Ya Dave. It reminds me of when we lived near Escanaba. I also recall that one year when the lilacs did not blossom until July 4! That made for a not so good festival on Mackinaw Island. My son was in the Gladstone band and they went to the festival. No lilacs. lol


----------



## woodsmaster (May 14, 2011)

[quote author="woodchip" date="1305314845"

"They like to advertise how they can help you reduce your bills, but they don't really like it if you make your own power and beat the system"  ;-)[/quote]

You are right on. It's funny how they preach conservation but sell you elec. devices to get your bill up. I had the co-op enginer out here when I run power to the shop and he addmited he was happy that I put up the shop becouse of the extra elec I would be using. I told him I also put in a wood boiler to heat every thing. He said as long as your putting up buildings you will use more power.

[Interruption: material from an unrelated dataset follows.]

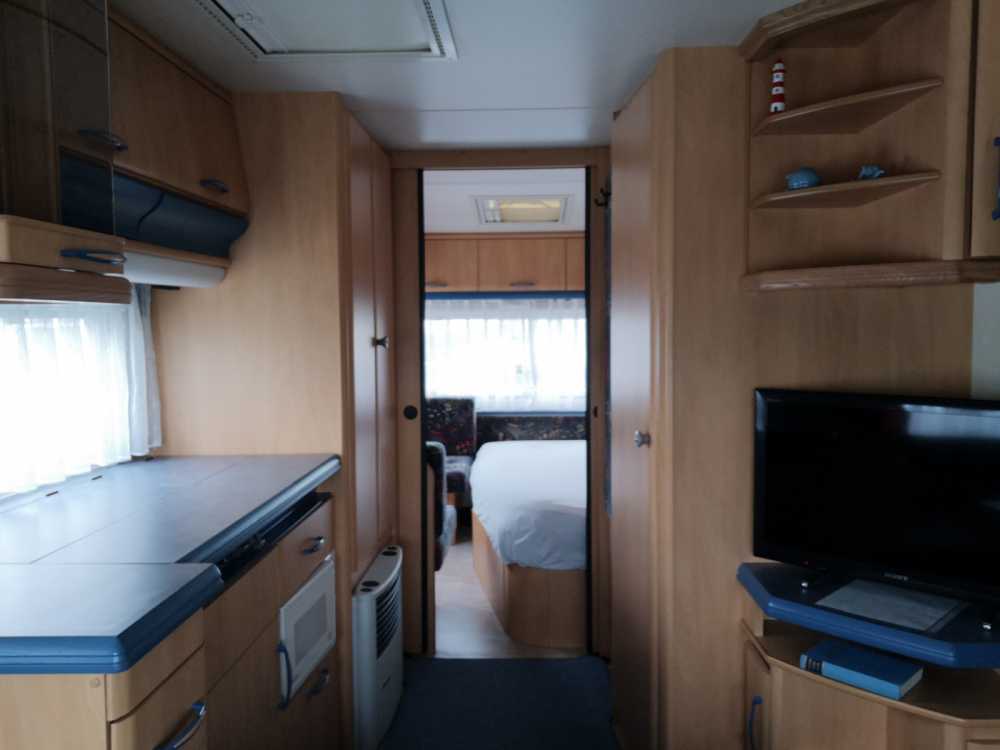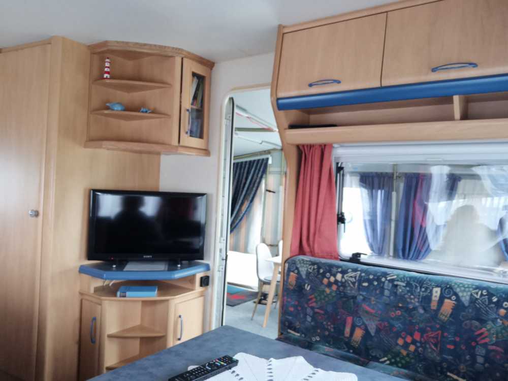 • Ausstattung Wohnwagen: Truma Gasheizung, SONY Smart TV, Mikrowelle, diverse Spiele, Infomappe für Unternehmungen, Restaurants etc., Feuermelder sowie CO2-Wächter

So far I haven't used any more power than I used to. He even stated they want to sell as much elec. as possible.


----------



## Intheswamp (May 14, 2011)

At the beginning of 2001 we completed construction of a 5-ton geothermal system including all duct work here at the house.  The house is a vintage 1950 brick home with GIANT SINGLE PANED WINDOWS (right after the war glass was cheap, energy was cheap, etc.,).  

The local electrical cooperative had a program where they would "co-op" installation of energy-efficient equipment of which the geo system qualified.  I got in touch with them and they sent their "engineer" over.  He walked in, looked at the windows and stated they wouldn't help with anything until I replaced every window.  Right now I'm sitting beside one of the smaller windows...it has fifteen 11"x15" panes in it....some of the other windows are a foot or two taller than I am and 7-8 feet wide.  Replacing the windows would cost more than the geothermal system!  Ah well, the windows are old steel casement type windows that are needing repacing...but that rich uncle that I don't know about is gonna have to die first.

I understand that the windows would definitely help reduce our energy use but the fact is that the geo system cut our cooling bill virtually in half and for the first time in the ten years that we had lived here we could actually get the entire house to a comfortable temperature in the summer...at half the energy use.  I guess cutting our power bill in half wasn't good enough to qualify for the "co-op", though.  Same thing for heating though we previously used propane space heaters.  

I'm hoping this winter, with our little F3CB, that we can "stick it to the man" a little bit more. 

Ed


----------



## begreen (May 14, 2011)

What about having good, storm windows made? We have some classic old, single pane windows that I didn't want to lose so I had nice tight fitting storms made for them. They are fixed lights, so I cleaned them very well then installed the storms with a bed of caulk. The results have worked out well.


----------